• [Provided records]
--- START ---

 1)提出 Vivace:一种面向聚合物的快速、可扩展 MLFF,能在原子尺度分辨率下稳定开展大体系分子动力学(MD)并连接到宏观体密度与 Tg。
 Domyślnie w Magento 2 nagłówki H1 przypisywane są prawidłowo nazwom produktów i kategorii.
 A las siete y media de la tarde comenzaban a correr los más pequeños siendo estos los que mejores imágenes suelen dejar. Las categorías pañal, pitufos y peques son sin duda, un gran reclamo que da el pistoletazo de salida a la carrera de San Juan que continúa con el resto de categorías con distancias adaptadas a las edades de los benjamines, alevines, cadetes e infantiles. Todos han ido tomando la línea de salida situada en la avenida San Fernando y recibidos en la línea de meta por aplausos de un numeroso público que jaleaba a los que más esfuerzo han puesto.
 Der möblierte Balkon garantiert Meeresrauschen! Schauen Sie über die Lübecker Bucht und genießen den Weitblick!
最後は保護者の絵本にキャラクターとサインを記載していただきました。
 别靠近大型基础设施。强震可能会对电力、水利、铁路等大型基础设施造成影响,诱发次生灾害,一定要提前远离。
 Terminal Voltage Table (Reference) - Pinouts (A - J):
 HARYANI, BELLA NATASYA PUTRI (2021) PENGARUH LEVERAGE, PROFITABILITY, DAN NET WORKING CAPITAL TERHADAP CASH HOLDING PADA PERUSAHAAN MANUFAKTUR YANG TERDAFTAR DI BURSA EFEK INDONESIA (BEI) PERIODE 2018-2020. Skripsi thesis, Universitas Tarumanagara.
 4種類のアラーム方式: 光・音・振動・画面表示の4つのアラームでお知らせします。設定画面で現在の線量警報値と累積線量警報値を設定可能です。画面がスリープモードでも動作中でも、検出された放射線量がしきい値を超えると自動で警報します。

--- END ---
--- START ---

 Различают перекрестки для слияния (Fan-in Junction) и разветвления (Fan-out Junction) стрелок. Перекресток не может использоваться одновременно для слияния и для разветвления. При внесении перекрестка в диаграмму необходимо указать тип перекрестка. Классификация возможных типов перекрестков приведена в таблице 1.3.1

--- END ---

Scan the entries above for the line containing "别靠近大型基础设施。强震可能", and copy it and all lines after it exactly, down to and including the line containing "HARYANI, BELLA NATASYA".

 别靠近大型基础设施。强震可能会对电力、水利、铁路等大型基础设施造成影响,诱发次生灾害,一定要提前远离。
 Terminal Voltage Table (Reference) - Pinouts (A - J):
 HARYANI, BELLA NATASYA PUTRI (2021) PENGARUH LEVERAGE, PROFITABILITY, DAN NET WORKING CAPITAL TERHADAP CASH HOLDING PADA PERUSAHAAN MANUFAKTUR YANG TERDAFTAR DI BURSA EFEK INDONESIA (BEI) PERIODE 2018-2020. Skripsi thesis, Universitas Tarumanagara.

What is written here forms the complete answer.